### How to complete this task
Copy the following data exactly and drop the pictures.

### Information shown
*** Begin section ***
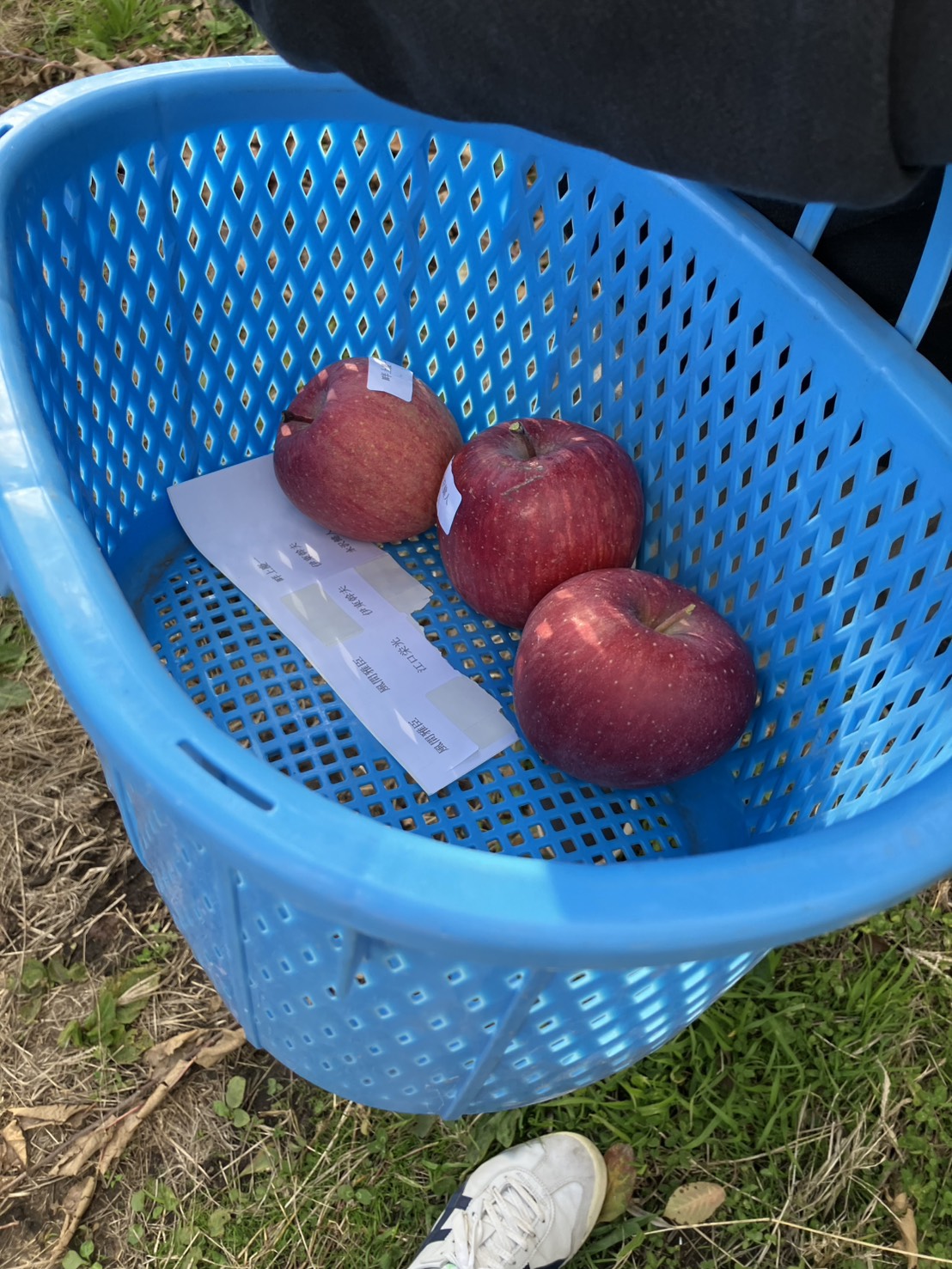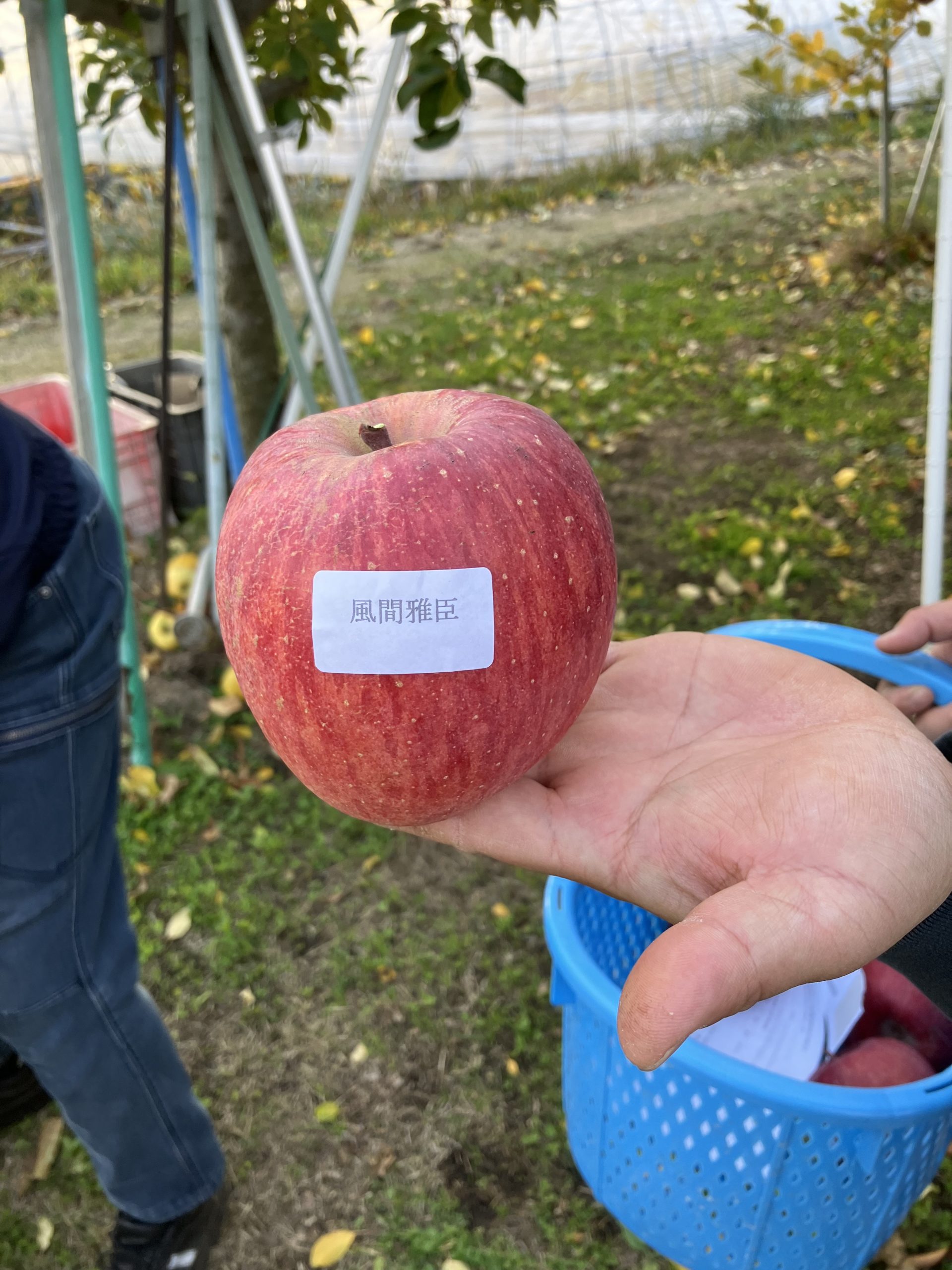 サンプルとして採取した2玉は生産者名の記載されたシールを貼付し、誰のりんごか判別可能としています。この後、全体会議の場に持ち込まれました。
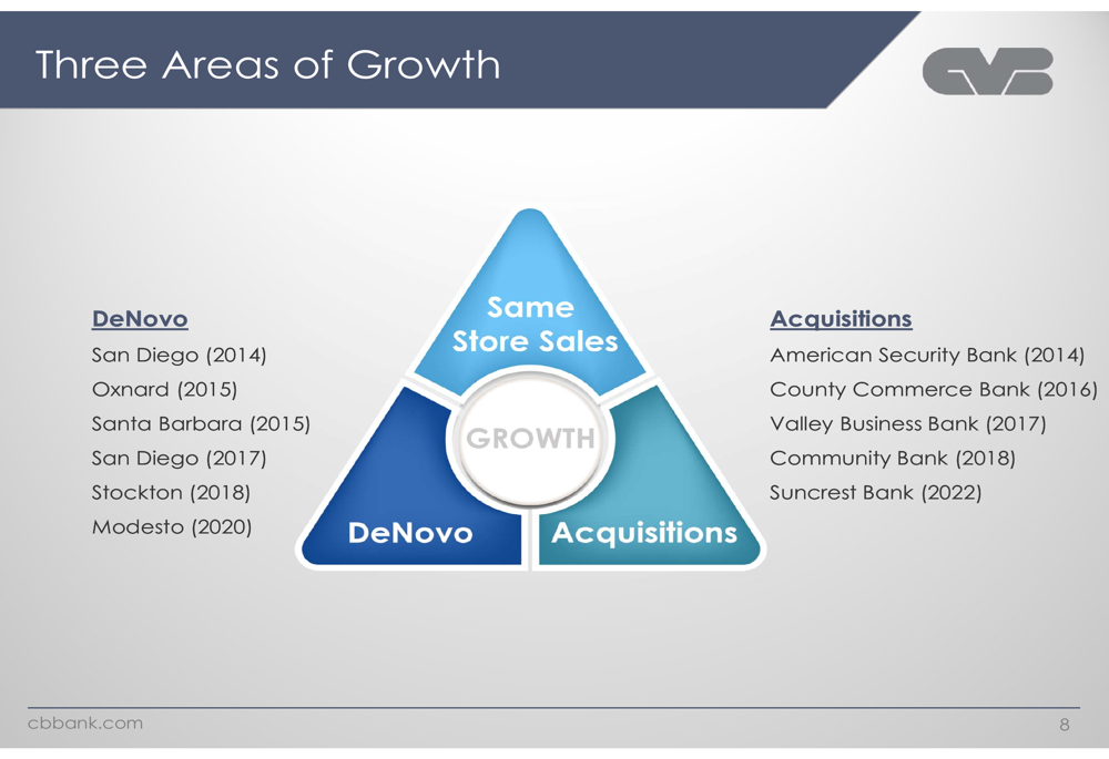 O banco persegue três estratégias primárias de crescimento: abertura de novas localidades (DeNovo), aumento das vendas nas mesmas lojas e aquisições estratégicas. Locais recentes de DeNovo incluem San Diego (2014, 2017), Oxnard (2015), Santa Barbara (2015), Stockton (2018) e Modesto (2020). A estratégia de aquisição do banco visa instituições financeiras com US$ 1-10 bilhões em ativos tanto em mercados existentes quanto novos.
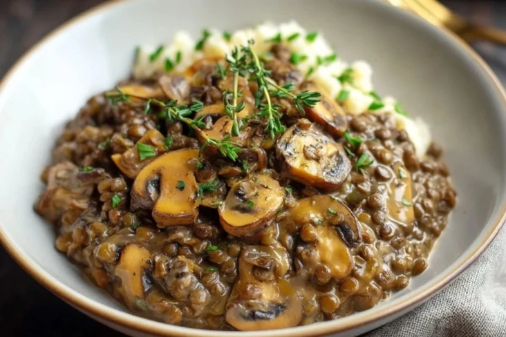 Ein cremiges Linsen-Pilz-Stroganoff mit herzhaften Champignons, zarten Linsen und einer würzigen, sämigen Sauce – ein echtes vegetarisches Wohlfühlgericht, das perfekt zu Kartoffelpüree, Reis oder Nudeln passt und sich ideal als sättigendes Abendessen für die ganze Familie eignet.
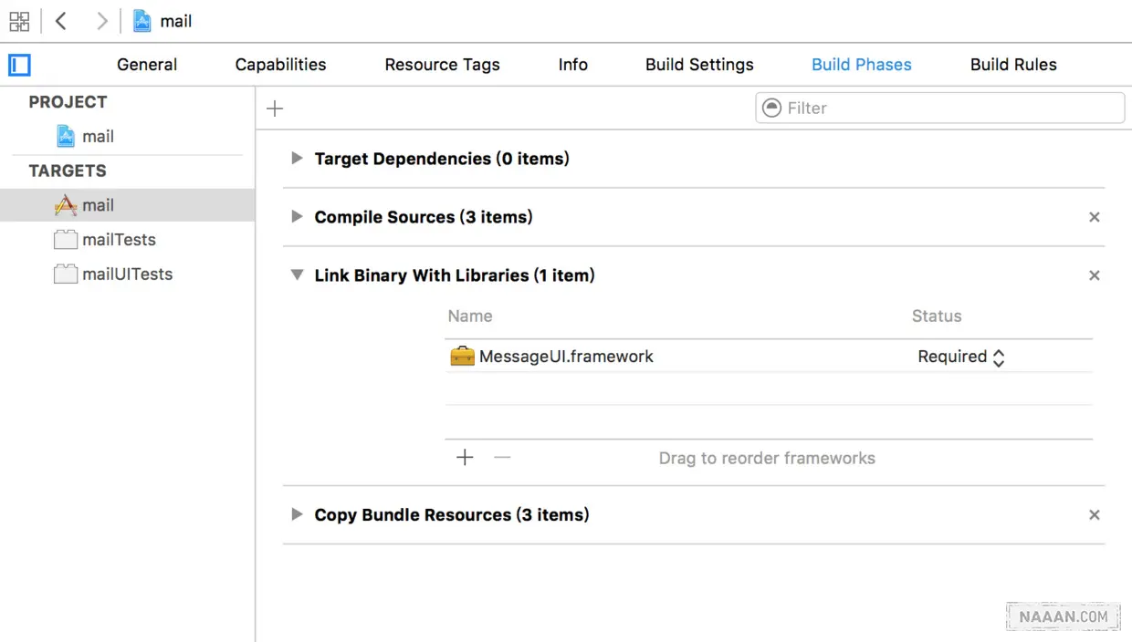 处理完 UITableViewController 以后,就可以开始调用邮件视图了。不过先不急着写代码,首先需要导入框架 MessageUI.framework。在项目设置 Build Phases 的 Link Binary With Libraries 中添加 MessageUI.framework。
*** End section ***
### Solved problem
 サンプルとして採取した2玉は生産者名の記載されたシールを貼付し、誰のりんごか判別可能としています。この後、全体会議の場に持ち込まれました。
 O banco persegue três estratégias primárias de crescimento: abertura de novas localidades (DeNovo), aumento das vendas nas mesmas lojas e aquisições estratégicas. Locais recentes de DeNovo incluem San Diego (2014, 2017), Oxnard (2015), Santa Barbara (2015), Stockton (2018) e Modesto (2020). A estratégia de aquisição do banco visa instituições financeiras com US$ 1-10 bilhões em ativos tanto em mercados existentes quanto novos.
 Ein cremiges Linsen-Pilz-Stroganoff mit herzhaften Champignons, zarten Linsen und einer würzigen, sämigen Sauce – ein echtes vegetarisches Wohlfühlgericht, das perfekt zu Kartoffelpüree, Reis oder Nudeln passt und sich ideal als sättigendes Abendessen für die ganze Familie eignet.
 处理完 UITableViewController 以后,就可以开始调用邮件视图了。不过先不急着写代码,首先需要导入框架 MessageUI.framework。在项目设置 Build Phases 的 Link Binary With Libraries 中添加 MessageUI.framework。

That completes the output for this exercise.